The task
Would you output the listing exactly, with every image omitted?

Supplied material
---------------

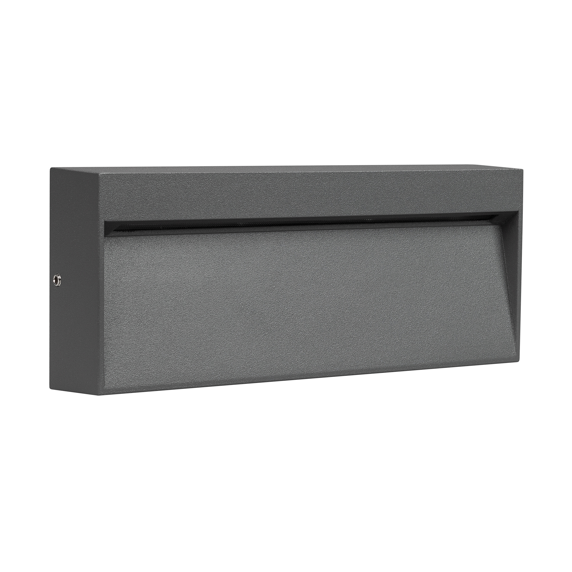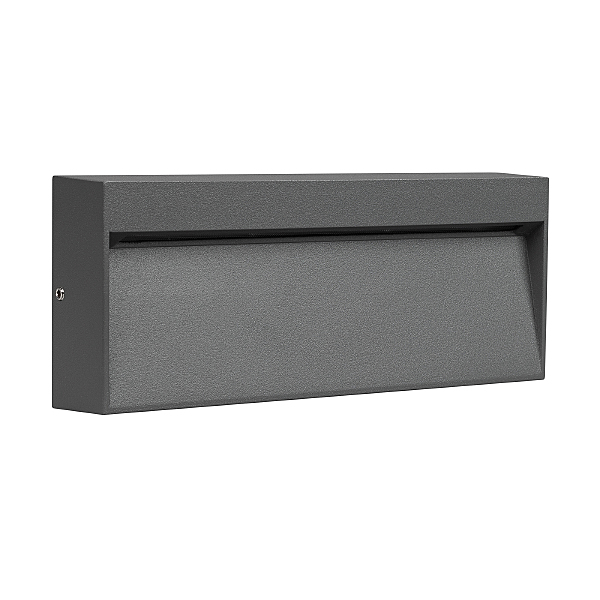 Светодиодный накладной прямоугольный светильник для стен, лестниц, 8Вт. Цвет ТЕПЛЫЙ БЕЛЫЙ 3000K, св.поток 300лм, CRI(Ra)>80, угол 65градусов, асимметричный свет. Размер 200x80x32мм. Влагозащищенный корпус IP65, алюминий серого цвета. Питание AC230V, 8Вт, встроенный драйвер.
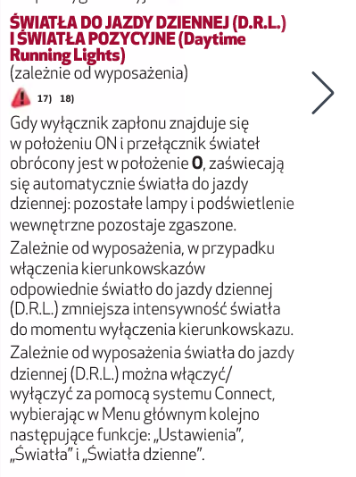 "W pojazdach zarejestrowanych po dniu 31 grudnia 2009 r. połączenie elektryczne powinno być takie, iż światła do jazdy dziennej powinny automatycznie się włączać, kiedy urządzenie włączające lub wyłączające silnik znajduje się w położeniu umożliwiającym pracę silnika. Przednie i tylne światła pozycyjne oraz oświetlenie tablicy rejestracyjnej nie włączają się, jeżeli włączone są światła do jazdy dziennej."
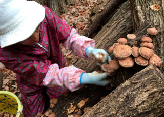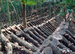 当園のほだ木はクヌギやコナラを中心に主に50年生ほどの大径木を使用しており、山中で長い時間をかけて駒菌を熟成させます。広葉樹の森林の、木漏れ日のさす環境でじっくりと育った椎茸は、肉厚で歯ごたえもよく、全国乾椎茸品評会で5年連続金賞をとるなど高く評価されています。

---------------

Your solution
 Светодиодный накладной прямоугольный светильник для стен, лестниц, 8Вт. Цвет ТЕПЛЫЙ БЕЛЫЙ 3000K, св.поток 300лм, CRI(Ra)>80, угол 65градусов, асимметричный свет. Размер 200x80x32мм. Влагозащищенный корпус IP65, алюминий серого цвета. Питание AC230V, 8Вт, встроенный драйвер.
 "W pojazdach zarejestrowanych po dniu 31 grudnia 2009 r. połączenie elektryczne powinno być takie, iż światła do jazdy dziennej powinny automatycznie się włączać, kiedy urządzenie włączające lub wyłączające silnik znajduje się w położeniu umożliwiającym pracę silnika. Przednie i tylne światła pozycyjne oraz oświetlenie tablicy rejestracyjnej nie włączają się, jeżeli włączone są światła do jazdy dziennej."
 当園のほだ木はクヌギやコナラを中心に主に50年生ほどの大径木を使用しており、山中で長い時間をかけて駒菌を熟成させます。広葉樹の森林の、木漏れ日のさす環境でじっくりと育った椎茸は、肉厚で歯ごたえもよく、全国乾椎茸品評会で5年連続金賞をとるなど高く評価されています。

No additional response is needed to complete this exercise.